### DATA RECORDS:
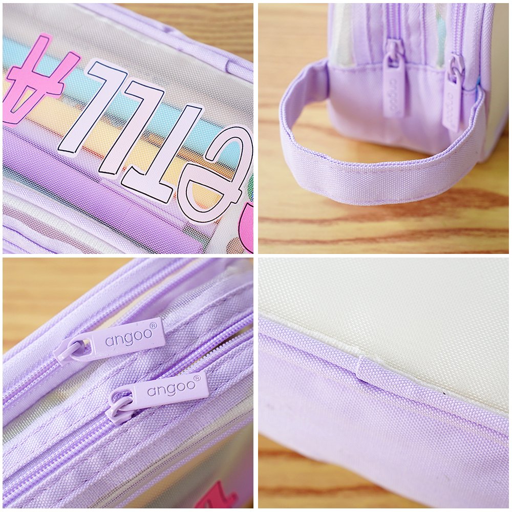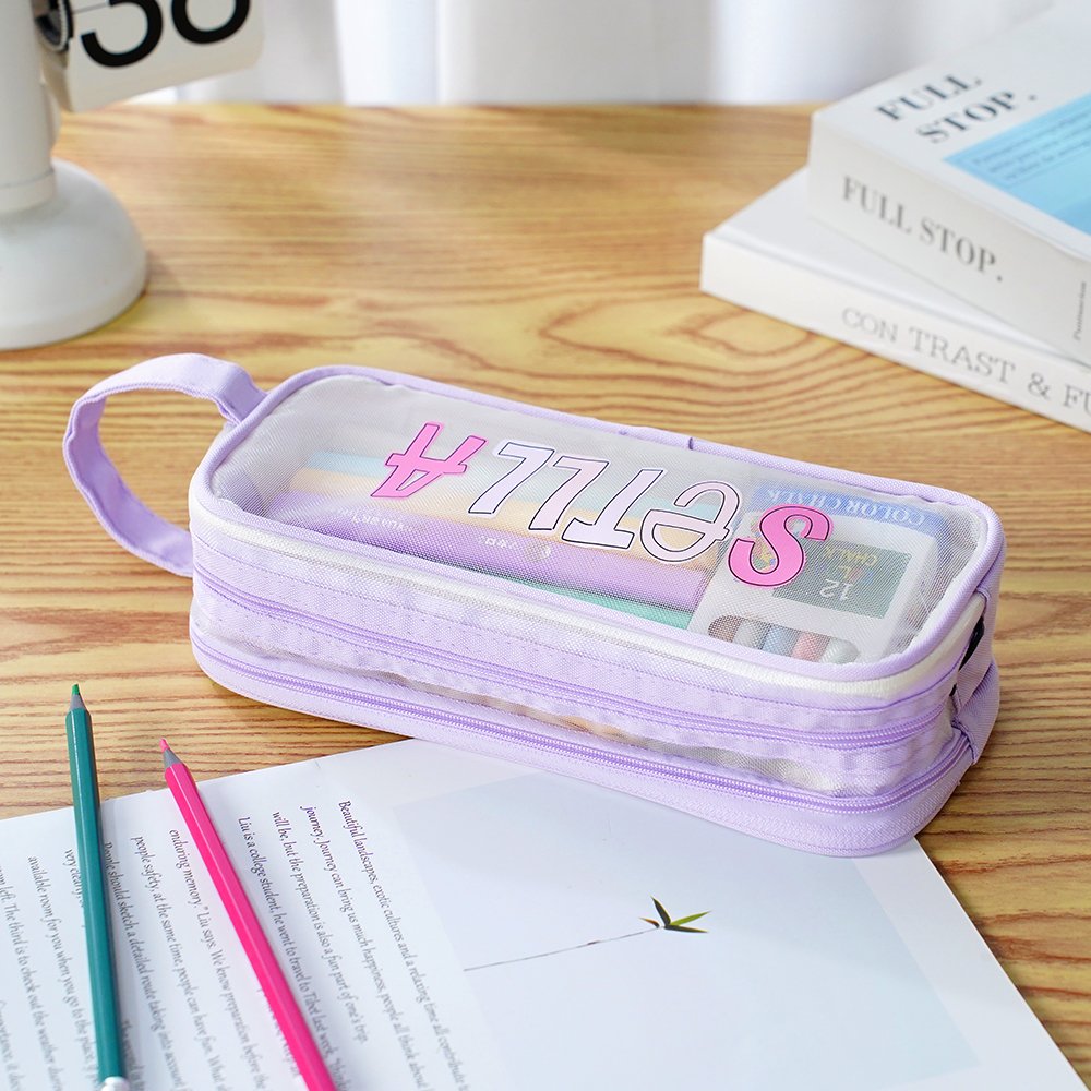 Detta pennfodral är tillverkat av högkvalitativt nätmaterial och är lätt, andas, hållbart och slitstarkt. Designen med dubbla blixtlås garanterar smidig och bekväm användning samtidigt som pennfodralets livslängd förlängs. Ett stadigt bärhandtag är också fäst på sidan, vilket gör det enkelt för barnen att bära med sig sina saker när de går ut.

==

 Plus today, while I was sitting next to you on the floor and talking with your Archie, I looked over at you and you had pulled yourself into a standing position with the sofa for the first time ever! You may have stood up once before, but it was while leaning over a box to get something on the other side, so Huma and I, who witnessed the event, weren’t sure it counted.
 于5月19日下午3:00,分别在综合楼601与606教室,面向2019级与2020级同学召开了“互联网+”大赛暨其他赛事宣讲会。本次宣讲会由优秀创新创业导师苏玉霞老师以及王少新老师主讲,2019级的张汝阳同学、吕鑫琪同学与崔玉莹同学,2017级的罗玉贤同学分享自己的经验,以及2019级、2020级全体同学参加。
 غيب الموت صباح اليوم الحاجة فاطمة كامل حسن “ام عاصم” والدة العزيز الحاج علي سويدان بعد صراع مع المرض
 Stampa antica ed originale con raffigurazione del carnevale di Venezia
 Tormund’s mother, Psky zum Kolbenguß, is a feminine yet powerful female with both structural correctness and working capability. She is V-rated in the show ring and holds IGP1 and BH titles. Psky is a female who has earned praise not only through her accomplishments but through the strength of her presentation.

...

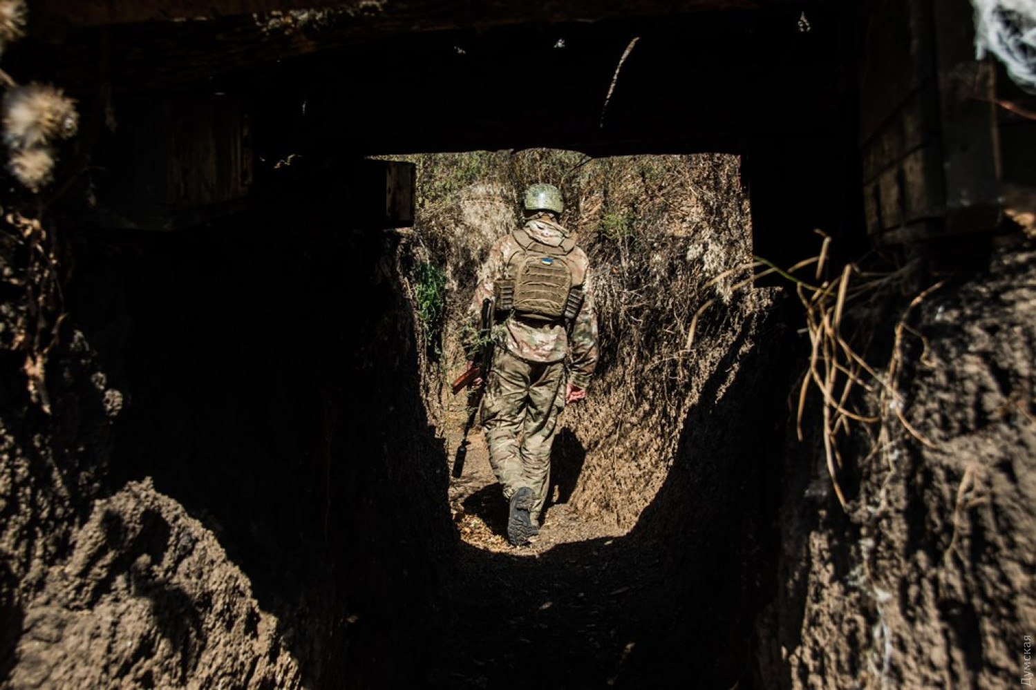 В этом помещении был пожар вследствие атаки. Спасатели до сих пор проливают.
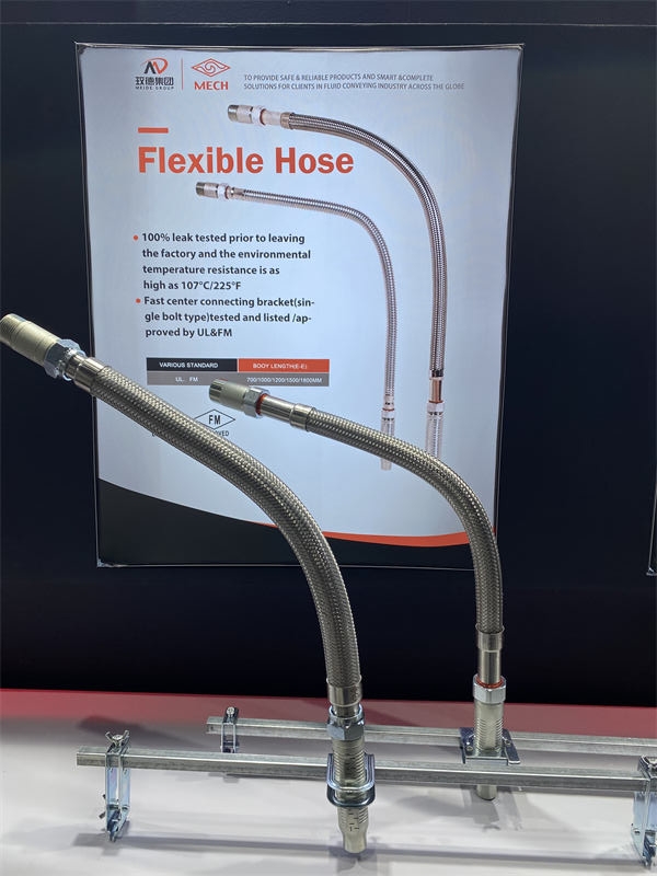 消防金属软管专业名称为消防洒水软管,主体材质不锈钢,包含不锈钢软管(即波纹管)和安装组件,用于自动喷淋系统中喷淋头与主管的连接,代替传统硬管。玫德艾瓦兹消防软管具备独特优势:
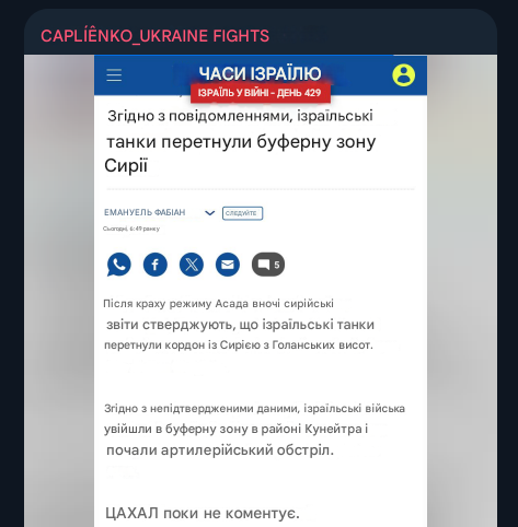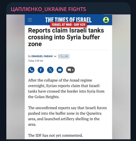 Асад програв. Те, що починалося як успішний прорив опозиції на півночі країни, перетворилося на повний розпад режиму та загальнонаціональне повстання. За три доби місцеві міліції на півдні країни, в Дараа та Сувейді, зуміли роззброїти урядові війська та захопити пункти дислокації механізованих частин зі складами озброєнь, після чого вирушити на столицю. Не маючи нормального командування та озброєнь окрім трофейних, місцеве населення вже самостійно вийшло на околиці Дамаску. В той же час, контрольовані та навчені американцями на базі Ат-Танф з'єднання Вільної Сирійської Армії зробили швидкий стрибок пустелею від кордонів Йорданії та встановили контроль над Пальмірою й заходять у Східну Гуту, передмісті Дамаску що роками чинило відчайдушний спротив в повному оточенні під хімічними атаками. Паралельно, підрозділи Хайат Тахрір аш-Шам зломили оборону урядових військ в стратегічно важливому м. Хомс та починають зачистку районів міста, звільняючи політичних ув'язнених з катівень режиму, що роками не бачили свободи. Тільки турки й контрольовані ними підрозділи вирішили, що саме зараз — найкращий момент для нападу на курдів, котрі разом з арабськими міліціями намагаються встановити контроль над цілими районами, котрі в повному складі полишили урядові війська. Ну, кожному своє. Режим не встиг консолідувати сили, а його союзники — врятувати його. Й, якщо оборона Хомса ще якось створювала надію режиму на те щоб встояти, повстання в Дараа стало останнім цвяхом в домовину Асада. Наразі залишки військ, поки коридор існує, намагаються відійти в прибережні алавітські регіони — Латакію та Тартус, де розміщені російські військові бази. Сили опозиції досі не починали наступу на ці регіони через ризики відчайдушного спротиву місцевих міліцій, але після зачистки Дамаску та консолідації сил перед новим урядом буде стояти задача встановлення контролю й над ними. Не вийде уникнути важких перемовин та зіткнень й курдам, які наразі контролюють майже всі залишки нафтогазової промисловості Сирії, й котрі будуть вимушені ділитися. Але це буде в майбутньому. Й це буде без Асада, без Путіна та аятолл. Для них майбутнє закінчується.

### REQUIRED WORK:
What lines in the entries above hold "with"? Copy every one.

### REPLY:
 Plus today, while I was sitting next to you on the floor and talking with your Archie, I looked over at you and you had pulled yourself into a standing position with the sofa for the first time ever! You may have stood up once before, but it was while leaning over a box to get something on the other side, so Huma and I, who witnessed the event, weren’t sure it counted.
 Tormund’s mother, Psky zum Kolbenguß, is a feminine yet powerful female with both structural correctness and working capability. She is V-rated in the show ring and holds IGP1 and BH titles. Psky is a female who has earned praise not only through her accomplishments but through the strength of her presentation.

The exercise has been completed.